A new frame perch will cost about $28 if you order one online, or you could build your own in a few minutes for about $4 - $5.

Here's a pic of my frame perch in use:










Front view:










Back view:










Hardware:










The wood piece is 19 1/2" x 2".

The rear brackets are from 2" corner brackets which can be purchased at Walmart, Lowes, etc.

The long frame perch brackets in the front can be purchased at Walmart (red one) or the Dollar store (yellow one).


----------



## MSbeekeeper (Feb 18, 2009)

No pics....


----------



## honeybeekeeper (Mar 3, 2010)

Where are the pics?:scratch: lol


----------



## Tom Fran (May 18, 2010)

I don't know why the pictures are not being displayed. I did it just like I always do, but for some reason, no pictures. I don't think I've violated any image posting rules, so I'm at a loss as to what to do.
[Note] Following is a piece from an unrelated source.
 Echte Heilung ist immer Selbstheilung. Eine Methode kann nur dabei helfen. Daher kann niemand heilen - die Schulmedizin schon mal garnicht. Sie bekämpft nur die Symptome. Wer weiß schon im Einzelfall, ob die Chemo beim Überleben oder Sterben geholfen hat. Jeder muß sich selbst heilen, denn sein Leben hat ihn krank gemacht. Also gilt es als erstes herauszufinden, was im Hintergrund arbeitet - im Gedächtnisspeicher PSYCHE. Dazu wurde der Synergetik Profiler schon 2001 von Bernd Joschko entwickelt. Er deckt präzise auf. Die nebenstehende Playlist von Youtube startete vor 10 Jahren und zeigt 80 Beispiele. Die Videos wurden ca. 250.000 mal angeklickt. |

Sorry about that.


----------



## honeybeekeeper (Mar 3, 2010)

Thats ok!


----------



## Tom Fran (May 18, 2010)

Maybe one of the moderators can check things out and explain why there's no pictures displayed in this post. :scratch:


----------



## brac (Sep 30, 2009)

This is his pic, cut and paste
www.flickr.com/photos/[email protected]/4778514612/


----------



## Tom Fran (May 18, 2010)

OK, I changed hosting services, and now they will display. "If at first you don't succeed, try and try again."


----------



## honeybeekeeper (Mar 3, 2010)

Good Deal!! I have the board ready, i also have the 2" corner brackets! Now all i need is the screw in bicycle rack hangers oops i mean (frame perch brackets)!  Thanks TF


----------



## Capricorn (Apr 20, 2009)

Good solution! I ended up snagging an old metal file folder holder from the recycle can at work. I've been using that, it works great and was free


----------



## Tom Fran (May 18, 2010)

Capricorn,

Yes, indeed. I meant to mention those as a possible "frame perch" support. I don't know if they still sell them, but those can be cut off and used as a support arm.


----------



## GB (Mar 5, 2005)

Heres a link to my frame rests....hope it works!
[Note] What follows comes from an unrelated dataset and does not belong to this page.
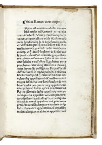 In-4° (mm 206x139). Carte: [16]. Carattere romano. Trascurabili macchioline lungo i margini, ma per il resto buona copia rilegata in tempi moderni con pergamena antica. (1) Rarissima pubblicazione incunabola, di diritto canonico. BMC IV, 70 (altra ed.); Hain 15105 (altra ed.); Goff S-806 (altra ed.).

Fabricated from 2 pieces of 1½" X 8" stainless steel plate (which was an old battery bracket)

Best to have a try with a piece of card first to get a tight fit on your box. 
Also best to do the 45° bend first.

These fit in my bee equipment box nicely.
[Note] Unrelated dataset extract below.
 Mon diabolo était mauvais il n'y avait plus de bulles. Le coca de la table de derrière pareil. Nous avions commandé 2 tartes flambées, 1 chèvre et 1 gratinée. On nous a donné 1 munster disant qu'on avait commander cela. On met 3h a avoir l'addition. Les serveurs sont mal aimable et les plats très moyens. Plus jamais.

http://img690.imageshack.us/img690/3451/framerest.jpg


----------



## Tom Fran (May 18, 2010)

Gordon,

Thanks for posting your frame perch idea. I didn't realize how small they were, until I noticed your _clothes pin_. That gave me the right perspective. Those would indeed fit nicely into the equipment box.


----------



## GB (Mar 5, 2005)

Sorry for the delayed reply....

Tom - these will hold 3 frames - I'm very pleased with them and their simplicity.


----------



## beecole (Nov 25, 2011)

Heres another variation easy to build from scrap lumber and two pieces of 3/8 pvc.
Sandwich a block 3/4" x 1" x 5" between two pieces of 1x3 at a 45 deg. angle. Nail thru from both sides. Bore a 5/8 dia. hole thru both 1x3. makes a very strong perch that holds five frames.


----------